26 de abril de 2017 | 23h49

RIO - Ex-procurador-geral de Justiça do Rio de Janeiro, Cláudio Lopes será investigado sob a acusação de vazar operação de busca e apreensão na casa do então subsecretário executivo de Saúde do Estado César Romero, em 2010.

Em delação premiada aos promotores da Operação Calicute, Romero recordou que durante o governo Sérgio Cabral (PMDB) era investigado por firmar contrato superfaturado de R$ 5 milhões com a empresa Toesa Service para a manutenção de ambulâncias do Estado. Certa vez, o  então secretário de Saúde Sérgio Côrtes o avisou de que no dia seguinte haveria em sua casa o cumprimento de mandados pedidos pelo Ministério Público Estadual. Côrtes o teria orientado a destruir todos os documentos comprometedores. Romero disse que usou um triturador para se livrar de parte dos documentos. A suspeita é de que a fonte do então secretário tenha sido Lopes.

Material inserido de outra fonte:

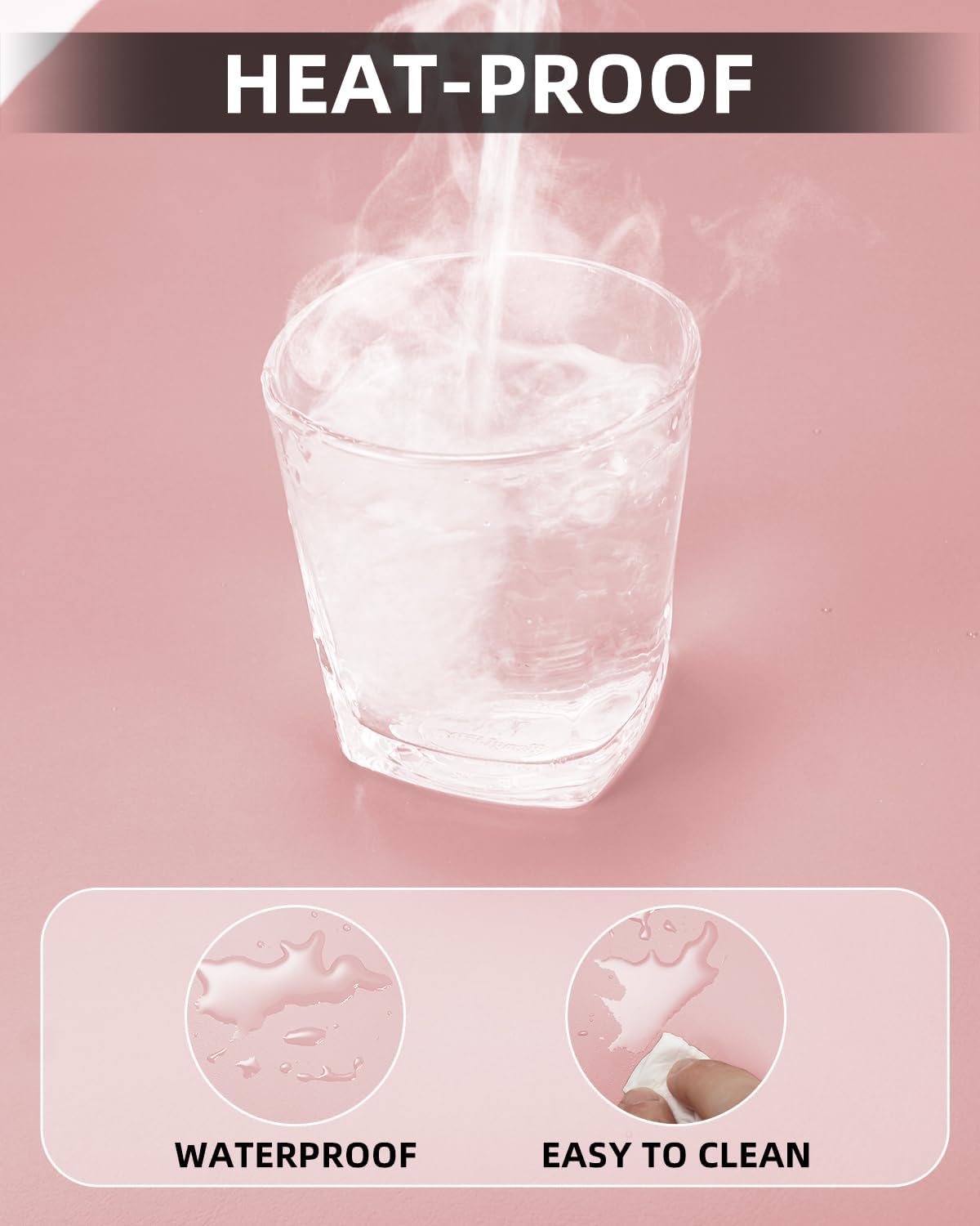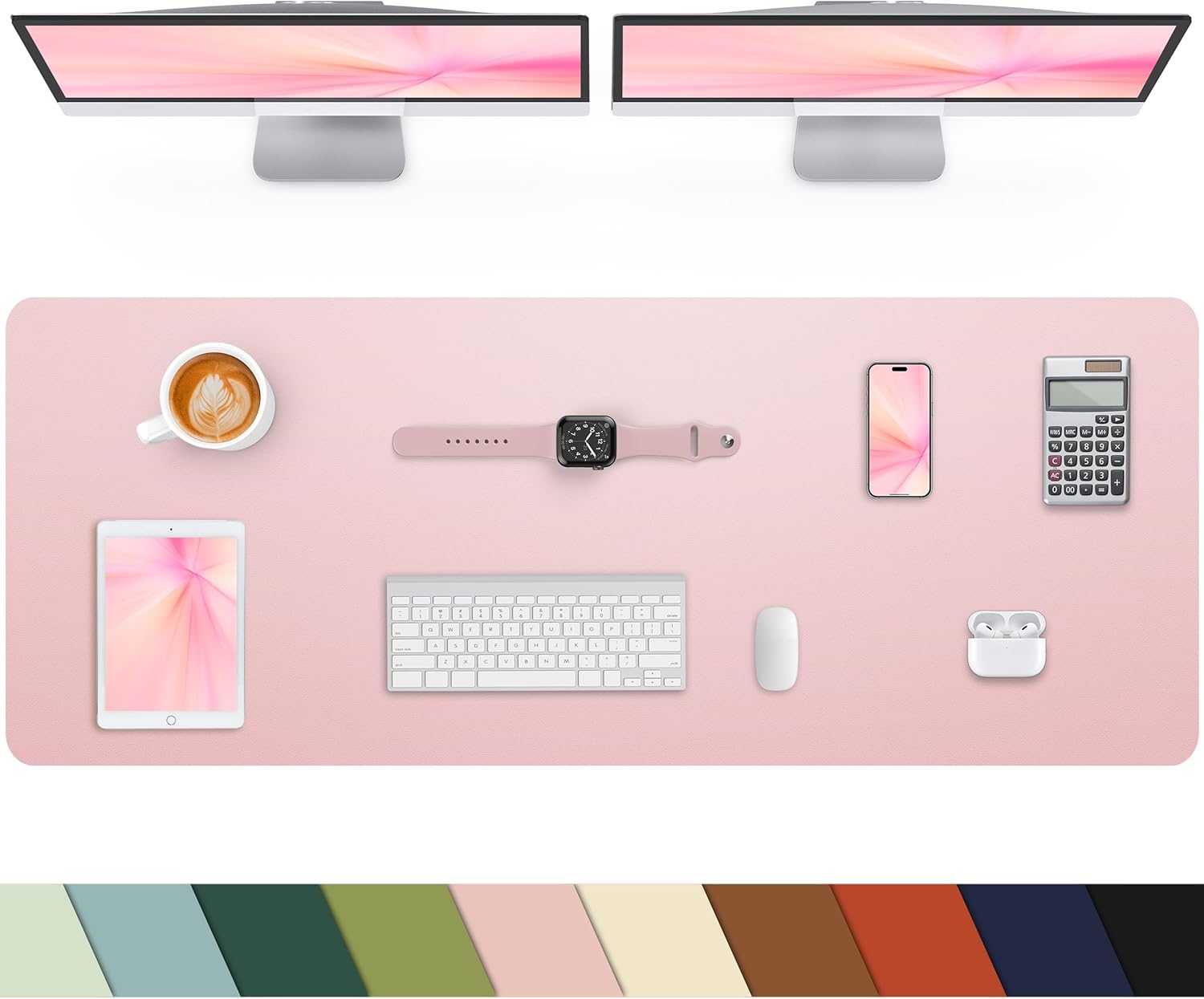 Leather Desk Pad Protector, Large Desk Mat, Mouse Pad, Non-Slip PU Leather Desk Blotter,Desk Cover mat,Desk mat for Keyboard and Mouse,Mat for Office&Home (Rose Pink, 48" x 17")

A delação de Romero foi encaminhada pelo juiz Marcelo Bretas, da 7.ª Vara Federal Criminal, ao procurador-geral de Justiça, Eduardo Gussem. “Por determinação do procurador-geral de Justiça, Eduardo Gussem, que manifestou sua suspeição para atuar no caso, a peça foi enviada, na terça-feira, 25, ao decano do Conselho Superior do Ministério Público (CSMP), o procurador de Justiça Ricardo Ribeiro Martins, que terá atribuição para atuar no presente procedimento”, informou a assessoria de imprensa do Ministério Público Estadual em nota.

Martins poderá instaurar inquérito ou oferecer denúncia ao órgão especial do Tribunal de Justiça.  Cláudio Lopes se disse “muito tranquilo” com a abertura da investigação, em entrevista ao jornal O Globo. O Estado não conseguiu localizá-lo.